__Task to complete__: Only one stretch of the data below is needed. Output the lines from the one with "Хорошо вымесив тесто, добавить" up to and including the one with "De acuerdo con", exactly as they stand.

__Entries shown__:
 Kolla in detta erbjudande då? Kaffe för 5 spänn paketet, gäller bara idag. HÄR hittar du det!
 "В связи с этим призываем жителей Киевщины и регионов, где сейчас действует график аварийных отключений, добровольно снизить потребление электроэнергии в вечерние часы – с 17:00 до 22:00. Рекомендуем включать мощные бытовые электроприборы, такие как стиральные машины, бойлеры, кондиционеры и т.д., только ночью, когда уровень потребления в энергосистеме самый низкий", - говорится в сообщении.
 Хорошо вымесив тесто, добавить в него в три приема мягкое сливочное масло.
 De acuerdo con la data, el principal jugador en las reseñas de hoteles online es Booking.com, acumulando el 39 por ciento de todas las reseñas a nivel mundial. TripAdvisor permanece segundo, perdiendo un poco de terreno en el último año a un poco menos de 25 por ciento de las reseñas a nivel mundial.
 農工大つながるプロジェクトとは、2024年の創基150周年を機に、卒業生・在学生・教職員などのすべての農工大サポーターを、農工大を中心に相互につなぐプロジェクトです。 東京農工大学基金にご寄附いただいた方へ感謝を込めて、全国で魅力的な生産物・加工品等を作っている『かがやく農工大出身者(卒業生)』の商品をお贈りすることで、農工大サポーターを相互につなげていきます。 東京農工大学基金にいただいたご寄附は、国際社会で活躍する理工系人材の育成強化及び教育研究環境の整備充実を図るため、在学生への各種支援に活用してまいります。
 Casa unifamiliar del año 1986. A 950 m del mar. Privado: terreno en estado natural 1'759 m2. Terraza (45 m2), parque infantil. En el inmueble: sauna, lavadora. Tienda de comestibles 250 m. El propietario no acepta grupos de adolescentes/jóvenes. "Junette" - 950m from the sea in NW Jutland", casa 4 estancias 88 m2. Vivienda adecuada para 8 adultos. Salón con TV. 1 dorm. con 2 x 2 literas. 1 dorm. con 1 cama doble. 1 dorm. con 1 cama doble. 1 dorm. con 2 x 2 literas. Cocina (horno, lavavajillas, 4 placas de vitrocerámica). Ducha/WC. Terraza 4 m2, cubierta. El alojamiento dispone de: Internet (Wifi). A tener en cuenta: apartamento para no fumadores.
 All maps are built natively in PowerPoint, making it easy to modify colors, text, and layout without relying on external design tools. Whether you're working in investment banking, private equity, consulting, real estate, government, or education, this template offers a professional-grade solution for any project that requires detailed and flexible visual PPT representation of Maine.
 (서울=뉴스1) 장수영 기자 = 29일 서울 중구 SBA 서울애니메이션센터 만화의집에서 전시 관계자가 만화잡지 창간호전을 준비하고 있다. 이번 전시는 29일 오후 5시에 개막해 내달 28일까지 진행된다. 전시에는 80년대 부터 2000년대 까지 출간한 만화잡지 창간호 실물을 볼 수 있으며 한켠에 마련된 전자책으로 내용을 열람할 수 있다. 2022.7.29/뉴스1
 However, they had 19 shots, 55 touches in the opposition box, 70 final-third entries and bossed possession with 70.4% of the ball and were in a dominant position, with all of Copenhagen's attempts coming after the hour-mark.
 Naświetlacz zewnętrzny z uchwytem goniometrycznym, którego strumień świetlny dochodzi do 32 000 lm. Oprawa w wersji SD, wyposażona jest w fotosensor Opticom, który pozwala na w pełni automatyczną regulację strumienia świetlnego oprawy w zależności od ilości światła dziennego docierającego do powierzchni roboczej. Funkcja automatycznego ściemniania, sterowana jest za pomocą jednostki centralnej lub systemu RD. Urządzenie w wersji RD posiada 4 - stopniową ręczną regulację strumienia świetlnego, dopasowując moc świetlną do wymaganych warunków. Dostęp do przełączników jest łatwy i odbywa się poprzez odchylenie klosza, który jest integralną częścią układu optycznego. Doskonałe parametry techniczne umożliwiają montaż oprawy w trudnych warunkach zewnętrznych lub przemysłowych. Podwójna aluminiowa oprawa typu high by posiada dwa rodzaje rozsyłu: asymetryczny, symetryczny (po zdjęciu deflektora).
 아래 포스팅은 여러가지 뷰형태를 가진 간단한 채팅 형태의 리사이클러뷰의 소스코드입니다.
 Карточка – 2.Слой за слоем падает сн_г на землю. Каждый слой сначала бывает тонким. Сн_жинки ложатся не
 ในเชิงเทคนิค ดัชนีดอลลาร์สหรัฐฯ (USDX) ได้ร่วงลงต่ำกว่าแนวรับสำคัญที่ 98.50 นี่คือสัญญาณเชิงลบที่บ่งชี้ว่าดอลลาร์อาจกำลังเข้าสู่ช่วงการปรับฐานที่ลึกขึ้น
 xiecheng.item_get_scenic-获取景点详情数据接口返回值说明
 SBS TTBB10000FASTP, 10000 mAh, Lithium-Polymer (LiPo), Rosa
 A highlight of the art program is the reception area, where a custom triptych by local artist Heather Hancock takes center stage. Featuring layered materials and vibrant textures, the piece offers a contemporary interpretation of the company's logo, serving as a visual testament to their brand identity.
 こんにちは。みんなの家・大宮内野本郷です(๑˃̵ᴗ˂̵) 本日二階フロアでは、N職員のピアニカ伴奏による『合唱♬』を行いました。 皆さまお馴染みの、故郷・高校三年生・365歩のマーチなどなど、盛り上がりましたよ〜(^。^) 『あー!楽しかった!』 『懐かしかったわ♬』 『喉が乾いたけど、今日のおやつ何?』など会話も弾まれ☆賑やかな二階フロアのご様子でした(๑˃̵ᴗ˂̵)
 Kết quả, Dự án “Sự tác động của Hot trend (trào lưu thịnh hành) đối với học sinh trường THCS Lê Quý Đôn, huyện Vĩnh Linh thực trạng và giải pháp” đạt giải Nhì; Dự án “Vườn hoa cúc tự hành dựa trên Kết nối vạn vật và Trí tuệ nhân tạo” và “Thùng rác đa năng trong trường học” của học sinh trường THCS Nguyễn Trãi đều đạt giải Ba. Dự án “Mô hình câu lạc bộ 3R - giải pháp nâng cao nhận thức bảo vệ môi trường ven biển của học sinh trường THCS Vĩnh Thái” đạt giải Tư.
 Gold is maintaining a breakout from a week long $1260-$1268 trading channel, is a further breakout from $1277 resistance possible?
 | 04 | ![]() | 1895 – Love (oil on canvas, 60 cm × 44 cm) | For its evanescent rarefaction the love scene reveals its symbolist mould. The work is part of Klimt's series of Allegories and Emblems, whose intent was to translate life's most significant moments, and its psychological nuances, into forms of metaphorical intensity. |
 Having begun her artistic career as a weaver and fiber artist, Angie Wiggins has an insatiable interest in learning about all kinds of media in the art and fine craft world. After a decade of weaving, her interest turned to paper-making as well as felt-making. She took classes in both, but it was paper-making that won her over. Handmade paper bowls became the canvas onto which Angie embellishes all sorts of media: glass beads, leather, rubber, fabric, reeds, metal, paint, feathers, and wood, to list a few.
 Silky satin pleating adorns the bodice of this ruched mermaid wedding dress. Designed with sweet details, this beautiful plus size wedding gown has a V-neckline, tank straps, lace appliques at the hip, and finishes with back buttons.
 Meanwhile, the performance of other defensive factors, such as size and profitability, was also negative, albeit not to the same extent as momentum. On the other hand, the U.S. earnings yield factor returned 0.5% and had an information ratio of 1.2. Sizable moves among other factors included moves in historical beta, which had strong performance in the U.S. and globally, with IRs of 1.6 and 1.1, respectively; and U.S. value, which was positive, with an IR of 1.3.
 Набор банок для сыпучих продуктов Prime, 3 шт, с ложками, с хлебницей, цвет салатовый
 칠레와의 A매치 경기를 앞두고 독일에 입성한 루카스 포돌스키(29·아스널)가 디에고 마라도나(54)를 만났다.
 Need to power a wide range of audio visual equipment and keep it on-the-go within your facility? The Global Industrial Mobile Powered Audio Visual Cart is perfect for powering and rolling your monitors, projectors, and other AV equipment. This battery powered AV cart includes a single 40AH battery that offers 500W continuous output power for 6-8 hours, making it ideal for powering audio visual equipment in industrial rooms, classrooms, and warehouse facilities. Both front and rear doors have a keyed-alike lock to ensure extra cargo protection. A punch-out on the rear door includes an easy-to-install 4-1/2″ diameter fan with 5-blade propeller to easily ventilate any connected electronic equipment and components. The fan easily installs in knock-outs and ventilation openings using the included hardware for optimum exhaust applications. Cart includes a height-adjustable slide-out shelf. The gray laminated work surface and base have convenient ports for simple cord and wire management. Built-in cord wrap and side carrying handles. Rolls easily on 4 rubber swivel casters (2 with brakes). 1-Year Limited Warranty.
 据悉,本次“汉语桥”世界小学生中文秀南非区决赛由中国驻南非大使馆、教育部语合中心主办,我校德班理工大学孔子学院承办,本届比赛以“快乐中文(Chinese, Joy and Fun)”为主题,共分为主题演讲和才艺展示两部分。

__Task response__:
 Хорошо вымесив тесто, добавить в него в три приема мягкое сливочное масло.
 De acuerdo con la data, el principal jugador en las reseñas de hoteles online es Booking.com, acumulando el 39 por ciento de todas las reseñas a nivel mundial. TripAdvisor permanece segundo, perdiendo un poco de terreno en el último año a un poco menos de 25 por ciento de las reseñas a nivel mundial.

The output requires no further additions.